**** Information
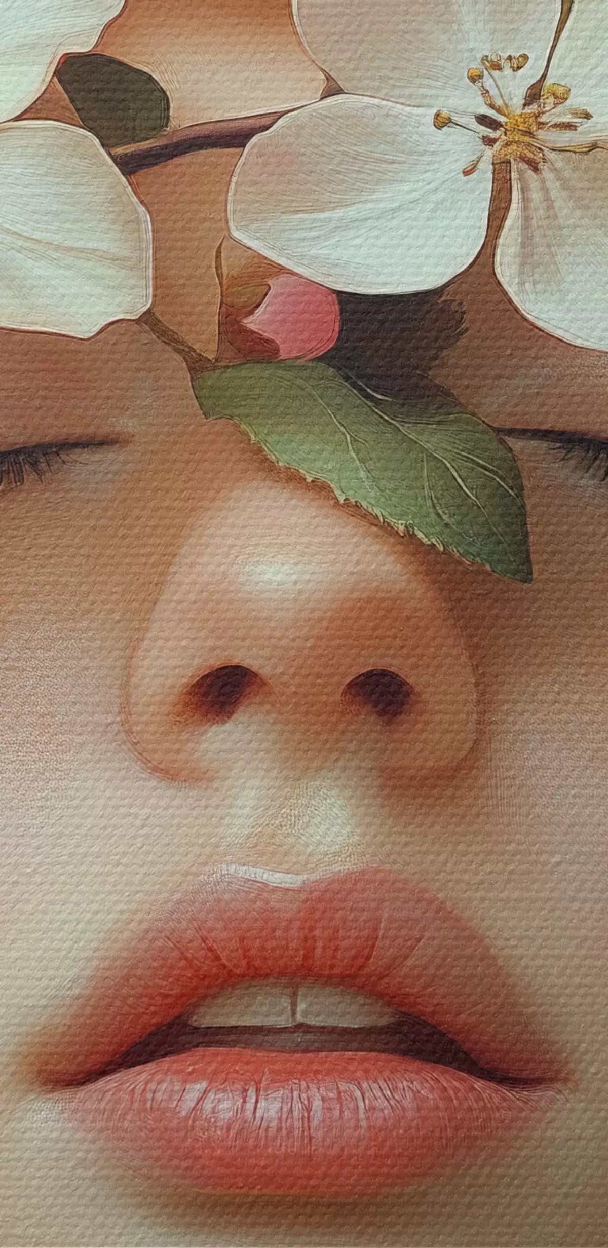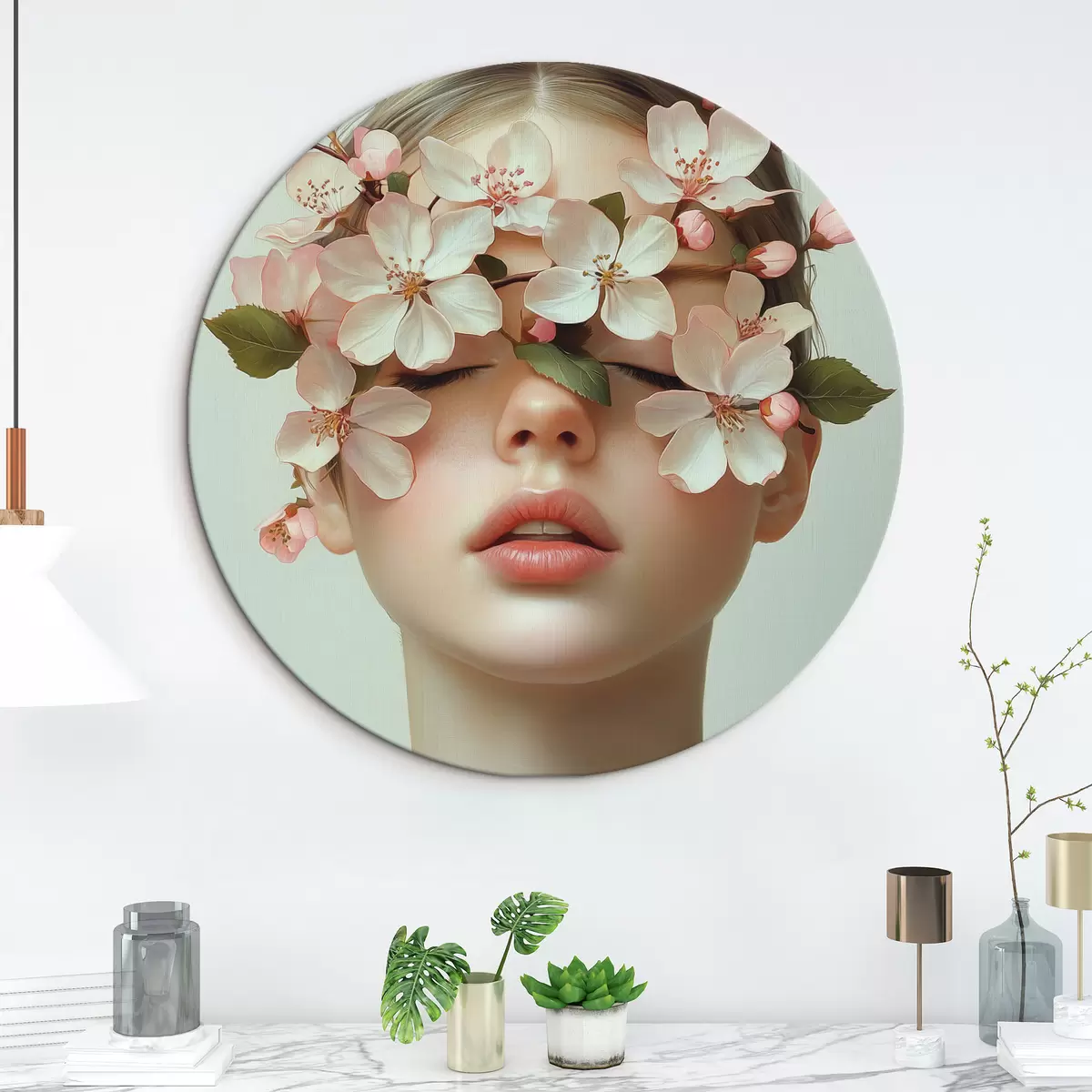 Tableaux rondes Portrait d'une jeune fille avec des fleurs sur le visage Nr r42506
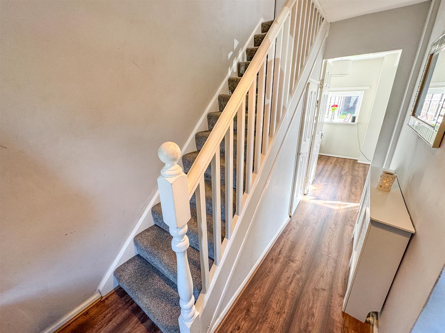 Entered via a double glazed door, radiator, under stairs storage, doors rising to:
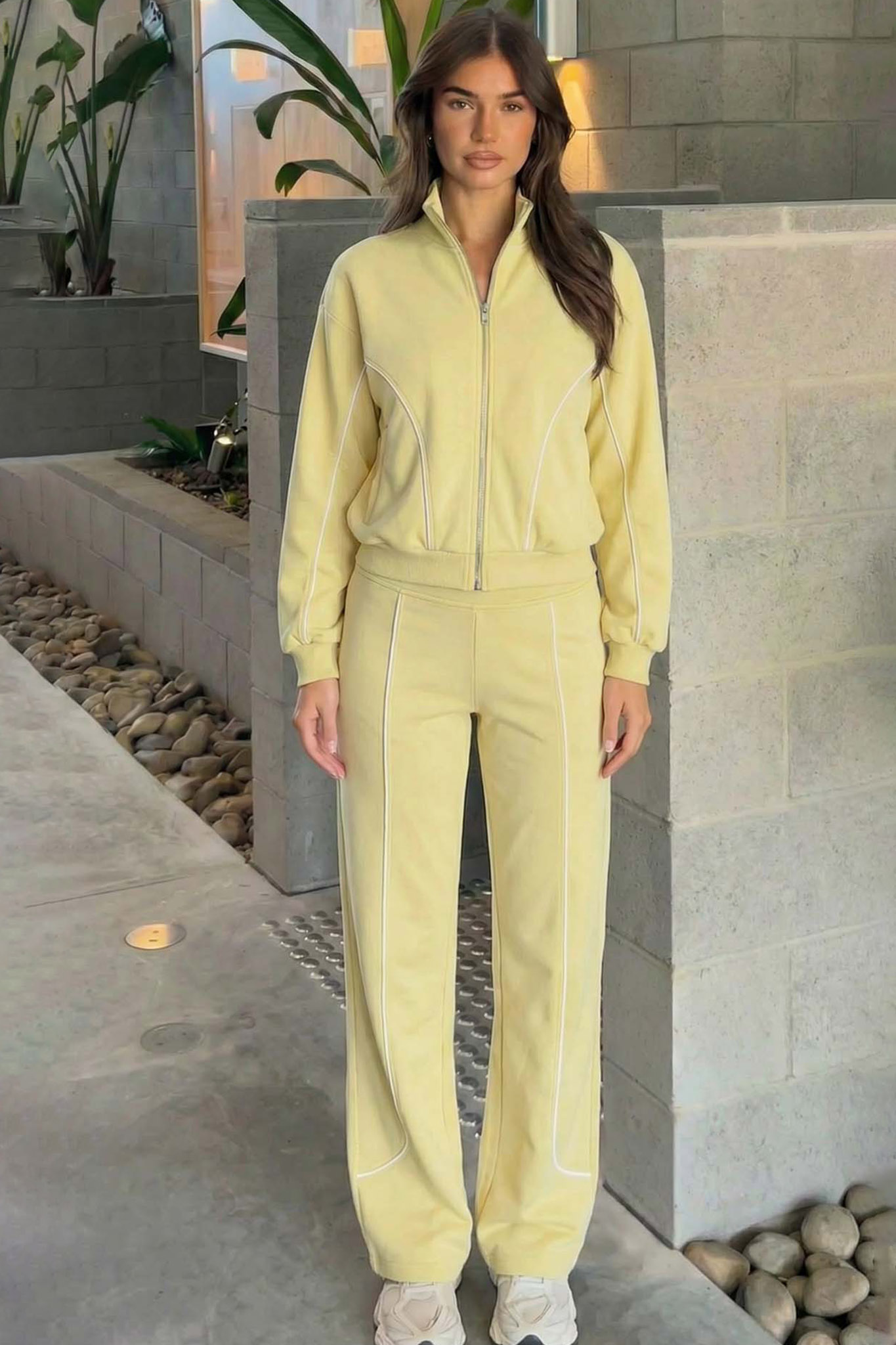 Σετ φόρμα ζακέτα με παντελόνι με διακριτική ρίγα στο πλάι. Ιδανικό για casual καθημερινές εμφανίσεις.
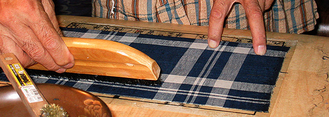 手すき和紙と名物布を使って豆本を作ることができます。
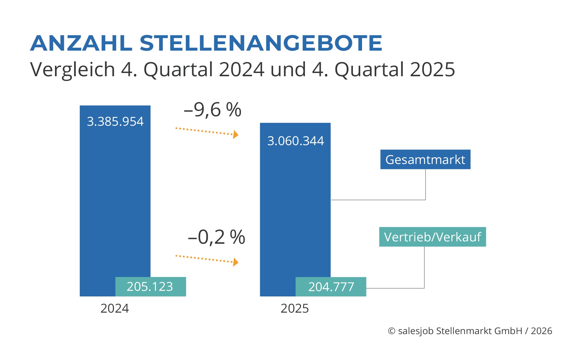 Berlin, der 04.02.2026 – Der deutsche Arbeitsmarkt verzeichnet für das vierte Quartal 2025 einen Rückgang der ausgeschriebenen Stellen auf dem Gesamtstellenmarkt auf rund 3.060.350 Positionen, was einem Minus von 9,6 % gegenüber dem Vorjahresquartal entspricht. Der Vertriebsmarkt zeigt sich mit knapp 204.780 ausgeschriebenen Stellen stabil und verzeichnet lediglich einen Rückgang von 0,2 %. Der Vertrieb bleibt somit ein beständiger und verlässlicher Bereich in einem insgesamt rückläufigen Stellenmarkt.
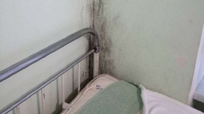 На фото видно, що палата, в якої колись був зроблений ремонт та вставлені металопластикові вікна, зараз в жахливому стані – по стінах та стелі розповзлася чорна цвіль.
********
* Exercise prompt:
Reproduce the records above exactly, leaving out every picture they contain.

* Result of this task:
 Tableaux rondes Portrait d'une jeune fille avec des fleurs sur le visage Nr r42506
 Entered via a double glazed door, radiator, under stairs storage, doors rising to:
 Σετ φόρμα ζακέτα με παντελόνι με διακριτική ρίγα στο πλάι. Ιδανικό για casual καθημερινές εμφανίσεις.
 手すき和紙と名物布を使って豆本を作ることができます。
 Berlin, der 04.02.2026 – Der deutsche Arbeitsmarkt verzeichnet für das vierte Quartal 2025 einen Rückgang der ausgeschriebenen Stellen auf dem Gesamtstellenmarkt auf rund 3.060.350 Positionen, was einem Minus von 9,6 % gegenüber dem Vorjahresquartal entspricht. Der Vertriebsmarkt zeigt sich mit knapp 204.780 ausgeschriebenen Stellen stabil und verzeichnet lediglich einen Rückgang von 0,2 %. Der Vertrieb bleibt somit ein beständiger und verlässlicher Bereich in einem insgesamt rückläufigen Stellenmarkt.
 На фото видно, що палата, в якої колись був зроблений ремонт та вставлені металопластикові вікна, зараз в жахливому стані – по стінах та стелі розповзлася чорна цвіль.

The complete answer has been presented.